China’s car dealerships have called on the country’s automakers to stop foisting price wars on them, as intense competition over who can charge the least is threatening their survival, China Daily and Reuters report.
In a statement issued on Tuesday, the China Auto Dealers Chamber of Commerce said that dealers were struggling with weakening margins, rising inventory levels, tighter liquidity and overall operational stress.
“The situation worsened notably since the second quarter as a fresh wave of discounts, led by major EV [electric vehicle] players, spread through the market,” the chamber said. “Price wars may win headlines, but they are dragging the entire industry into a downward spiral.”

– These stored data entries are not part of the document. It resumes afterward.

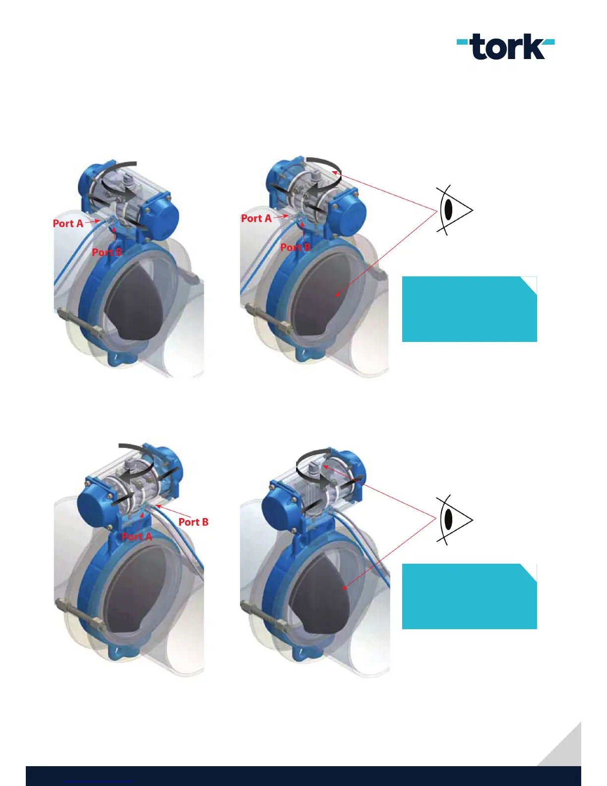 Port B: Pressurized for close the valve. Actuator rotates CW for closing.
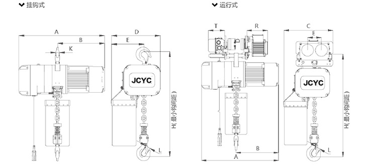 掛鉤式環(huán)鏈電動(dòng)葫蘆(0.25T-5T)尺寸參數(shù)
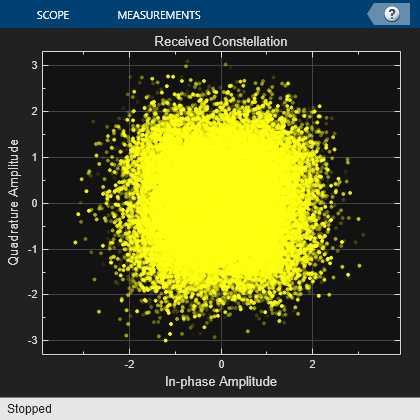Furthermore, this model has blocks for measuring and displaying the packet error rate, LDPC bit error rate, and estimated Es/No. There is also a scatter plot scope displaying the received signal, which helps users visualize the channel distortions of the signal.
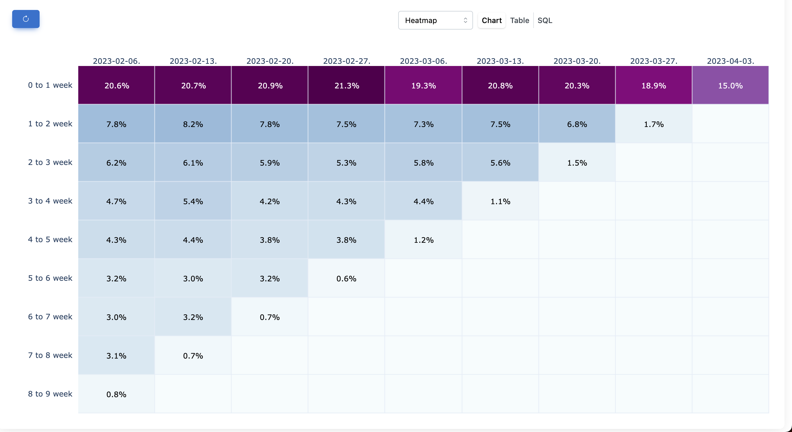 WHERE retention.cohort_week = DATE('2023-01-02')
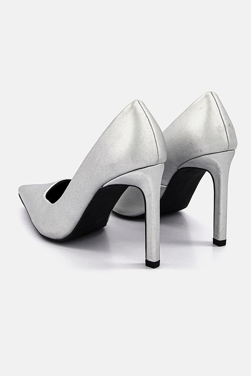 | descriptionOriginal | Heel Height : 4" / 10 cm, Heel Style : Stiletto heel, Ideal For : Women, Shoe Closure : Slip on, Shoe Width : Standard, Sole Material : Synthetic sole, Toe Style : Pointed toe, Disclaimer : Product color may slightly vary due to photographic lighting sources or your monitor settings., Box not included, Occasion : Casual, Shoe Material : Synthetic Leather, Color Family : Silver, |
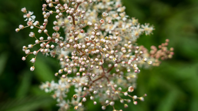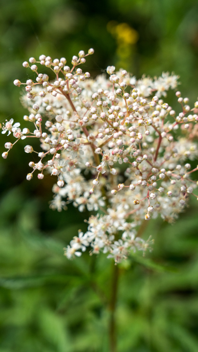 蚊子草花多而小,花开伞状,花瓣白色,花朵密集堆砌在一起,十分漂亮。十八花海里有许多这种小花,难怪行走林中少见蚊子,如其名,大概它有驱蚊作用吧。
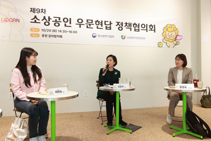 이미소 농업회사법인 밭 대표(사진왼쪽부터)와 오영주 중소벤처기업부 장관,올해 강한소상공인으로 선정된 황영숙 농부창고 대표가 29일 춘천 감자밭에서 열린 ‘제9차 소상공인 우문현답 정책협의회’에 참가해 발언하고 있다.<중소벤처기업부>
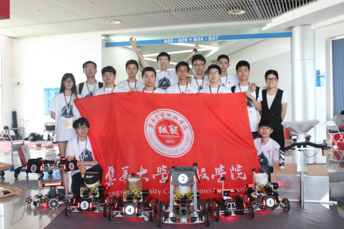 “出门右拐”战队由学院信息工程系教师郑新旺、李颖指导,成员来自信息工程系和机械工程系等不同专业的13名学生。“出门右拐”战队队员们通过研读规则、确定方案、拟画图纸、实际制作、理论提升、模拟训练等方式全方位提升参赛水平,经过7个月的准备与训练,克服各种困难,最终设计出5辆机器人代表学院参加在上海交通大学举行的RoboMasters2017全国大学生机器人大赛中国东部分区赛。这是学院首次参加此项赛事,也是福建省内独立学院首次独立组队参赛。在与众多985、211高校战队同场竞赛中,学院“出门右拐”战队凭借扎实的基础、熟练的实操能力,经过激烈的比拼,最终获得东部分区赛三等奖的佳绩。
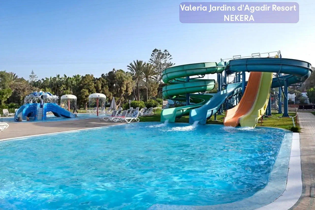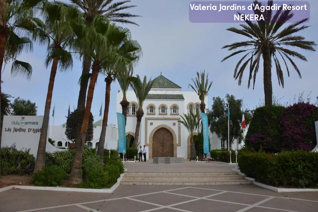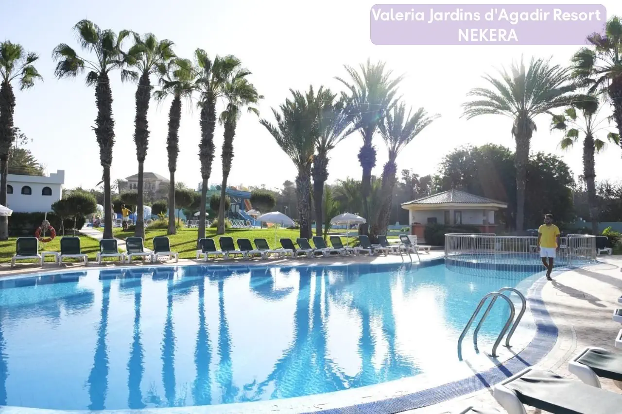 Valeria Jardins d'Agadir Resort to czterogwiazdkowy hotel typu all-inclusive, znajdujący się w turystycznej dzielnicy Agadiru, zaledwie kilka minut spacerem od pięknej, piaszczystej plaży. Otoczony ogrodem palmowym, resort oferuje idealne warunki zarówno dla rodzin, jak i par, które szukają relaksu i rozrywki w słonecznym Agadirze. To doskonałe miejsce na wakacje dla rodzin, par i grup przyjaciół, które szukają komfortowego wypoczynku z bogatą ofertą rozrywek i udogodnień w pobliżu malowniczej plaży i atrakcji Agadiru.

[See more: Tesla’s fall from favour presents an opportunity for Chinese EV makers]
The statement came on the heels of a pledge from the central government to tackle unfair competition. The China Association of Auto Manufacturers has also urged its members not “dump goods at prices below cost,” Reuters says.
The pressure has already caused some dealerships to shut, including a multi-store dealer for BYD’s EVs in Shandong Province.
Dealers have issued a number of recommendations for industry reform, urging automakers to stop confusing consumers with frequent price changes and to set reasonable annual production and sales targets that are aligned with actual demand. They also warned manufacturers to stop offloading excess inventory onto dealers.
The chamber said that manufacturers should not be “coerced to withdraw from the network and close their stores in the name of optimising network channels,” and noted that those exiting the industry needed to be fairly compensated.